2010-05-31 13:02:19,020 ERROR [org.rhq.enterprise.server.resource.ResourceManagerBean] Bulk named query delete error for 'ResourceConfigurationUpdate.deleteByResources2' for [10124]: org.hibernate.exception.LockAcquisitionException: could not execute update query

Version-Release number of selected component (if applicable):
JON build #177 - Revision:  10621
http://hudson-qe.rhq.rdu.redhat.com:8080/job/jon/177/

1) Install JON 2.3.1 on Oracle 10g
2) Create some alerts
   (i) Alert:
       Alert -1: Created on platform, the alert condition is Free Memory > 0.1
       Alert -2: Created on JBoss AS server, the alert condition is Free Memory
> 0.1
       Alert -3: Created on RHQ Agent, the alert condition is Free Memory > 0.1
3) Upgrade JON 2.3.1 to JON 2.4 (build #177) (same database Oracle 10g)
4) Login to JON 2.4 and select platform or (any) resource

Actual results:
Upgrade JON 2.3.1 to JON 2.4 with Oracle 10g gives error/exception - ORA-00060: deadlock detected while waiting for resource

Expected results:
Upgrade JON 2.3.1 to JON 2.4 should upgrade with all its data without any
error/exception.

Comment 8 Rajan Timaniya 2010-05-31 08:55:47 UTC
Created attachment 418209 [details]
server log

Comment 9 Charles Crouch 2010-06-02 20:43:17 UTC
This should be marked VERIFIED right Rajan?

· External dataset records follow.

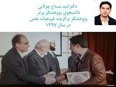 دکتر امید مساح چولابی به عنوان دانشجوی پژوهشگر برتر و همچنین پژوهشگر غیرهیات علمی این مرکز در سال 97 معرفی شدند.
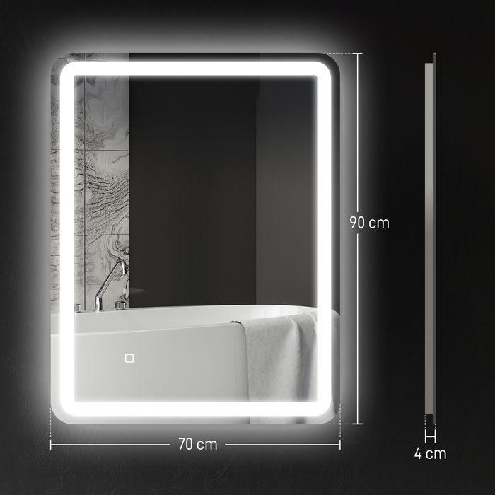 - Produktdaten: Gesamtgrösse: 70Lx4Bx90H cm. Der Badspiegel muss an das Stromnetz angeschlossen werden, um zu funktionieren. Eine Montage ist nicht erforderlich, Sie können ihn mit Schrauben und 4 Haken entweder vertikal oder horizontal an der Wand anbringen
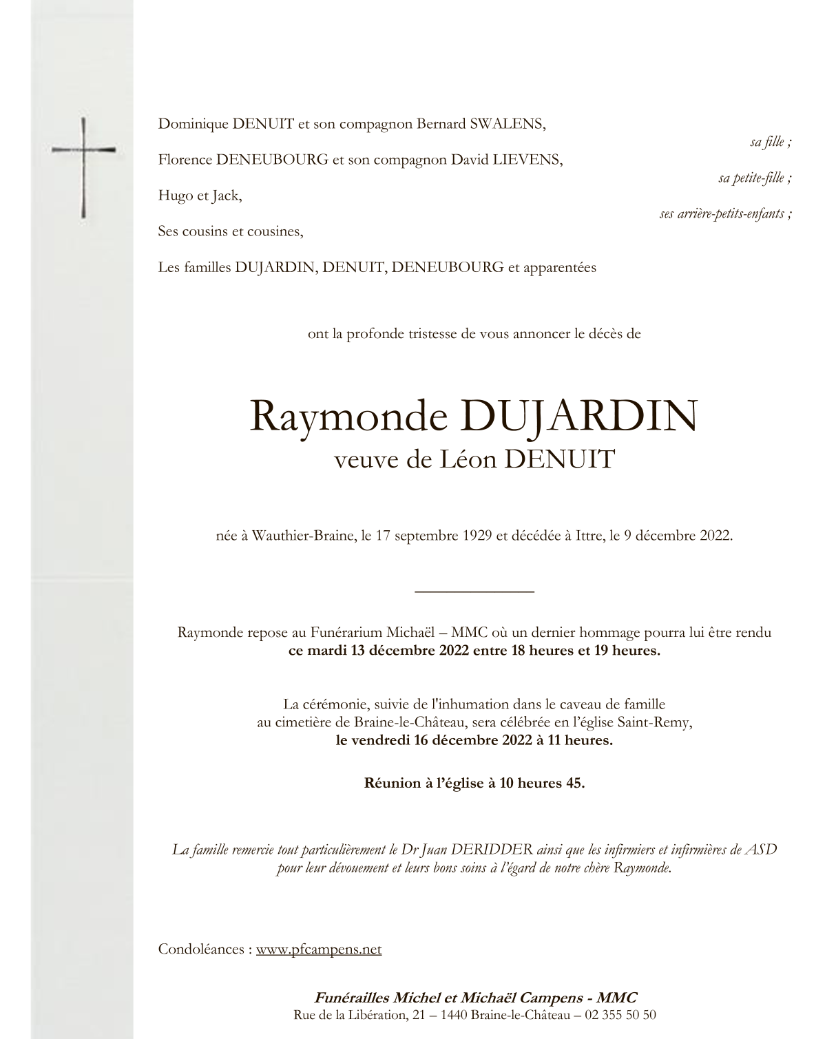 Décédée à Ittre (1460) le vendredi 9 décembre 2022 à l'âge de 93 ans
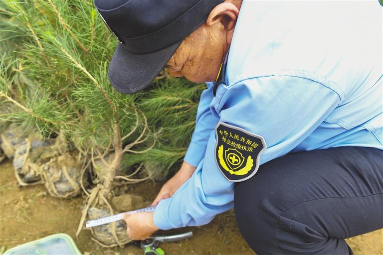 在拉薩南北山綠化工程2024年度鞏固提升(貢嘎機(jī)場周邊山體)工程項(xiàng)目上,林業(yè)檢疫執(zhí)法工作人員在檢查樹苗根部土球是否達(dá)標(biāo)。 新華社記者 晉美多吉 攝
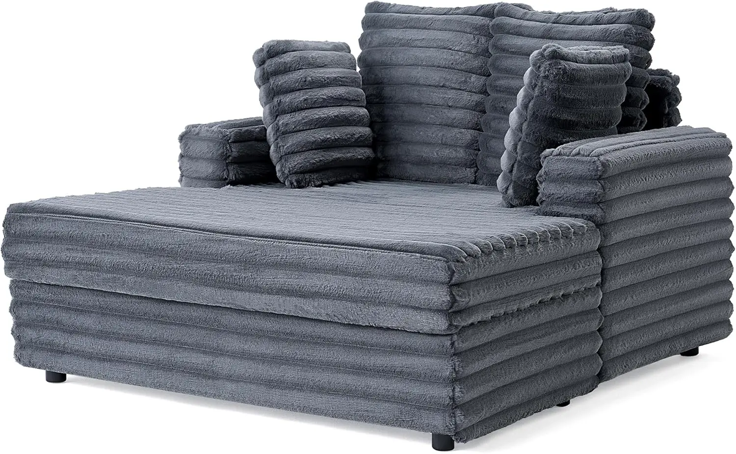 - Premium Materials: The lounge sofa features soft striped faux fur fabric and a stylish striped texture. Its 6-inch dense sponge seat cushion provides exceptional comfort and support, inviting you to relax and unwind after a long day.

Comment 10 Rajan Timaniya 2010-06-03 04:44:30 UTC
Charles, the bug test for JON build #170 there wasn't observed 'ORA-00060: deadlock detected while waiting for resource' error. But during upgrade test for JON build #177, observed same error again.

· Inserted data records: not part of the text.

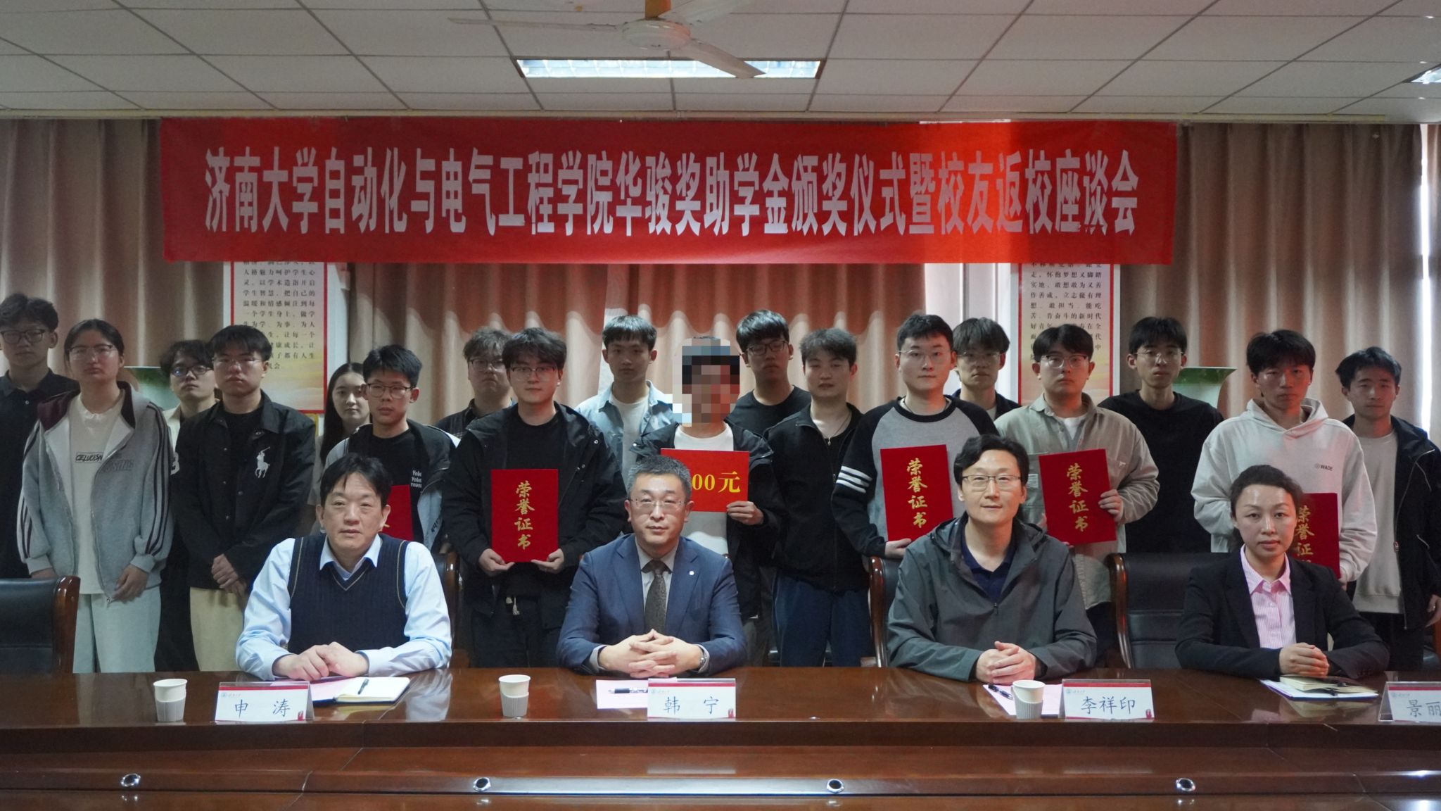 华骏奖助学金颁奖仪式暨校友返校座谈会在第一教学楼1108会议室顺利举行。学院党委书记李祥印、院长申涛、华骏海藻有限公司董事长、学院优秀校友韩宁、洗澡偷拍
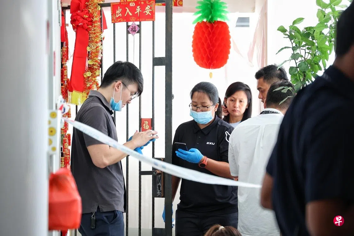 这起命案发生于星期五早上6时许,地点是北岸通道(Northshore Drive)第408B座组屋10楼一间单位。《新明日报》记者赶抵现场时,单位外已拉起封锁线,多名警员在场调查,鉴证人员频繁进出,带走好几个装有证物的塑料袋,现场气氛凝重。
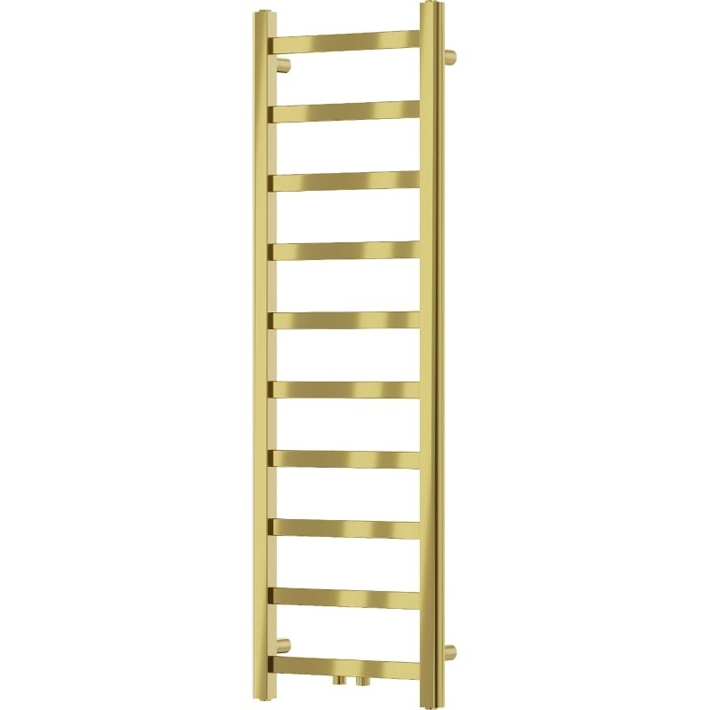 Technické údaje: Výška: 1200 mm Šírka: 400 mm Hĺbka: 40 mm Rozstup pripojenia: - 35 cm (dole) alebo 5 cm (uprostred) Farba: Zlatá Materiál: Oceľ Hmotnosť: 5,99 kg Reakcia na oheň: A1 Prevádzková teplota: max. 95 °C Maximálny pracovný tlak: 0,6 MPa Vykurovací výkon: - 75/65/20 °C - 220 W Pripojenie: - 2xG ½″ stred - 4xG ½″ zhora a zdola na pravej alebo ľavej strane Možnosť inštalácie kúrenia Vysoko kvalitný, odolný a nehrdzavejúci náter farby Súčasťou balenia: zavesenie, montážna sada, záslepky a odvzdušňovací ventil(GT) Ean: 5905315966476
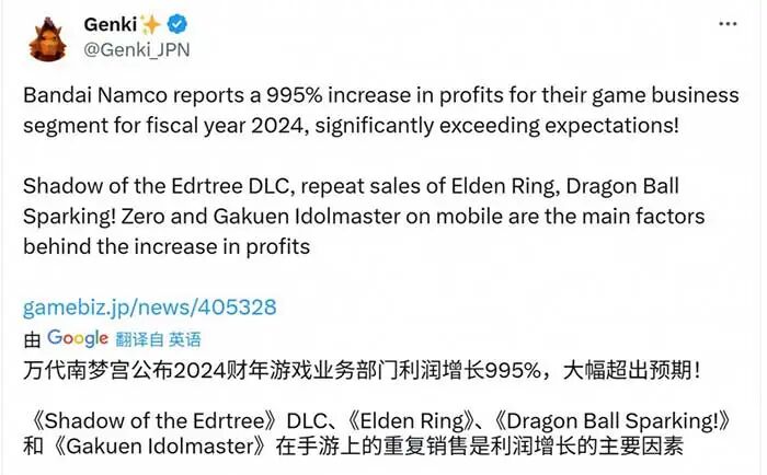 游乐快讯:万代南梦宫财报:利润创下历史记录 增长995%

Should I open separate bug for this?

Comment 11 Jay Shaughnessy 2010-06-03 19:09:02 UTC
This deadlock is completely different from the original deadlock in this issue.  It probably merits a separate BZ entry.

I don't think the repro steps are sufficient as this must have taken place after an uninventory of resources.  Checking back with QA about this...

Comment 12 Rajan Timaniya 2010-06-04 11:02:27 UTC
As the deadlock error mentioned in comment-7 (https://bugzilla.redhat.com/show_bug.cgi?id=594706#c7) is different from the original deadlock, so I will again retest this with JON 2.4 Beta0 release and open new bug.

Comment 13 Corey Welton 2010-08-12 16:58:40 UTC
Mass-closure of verified bugs against JON.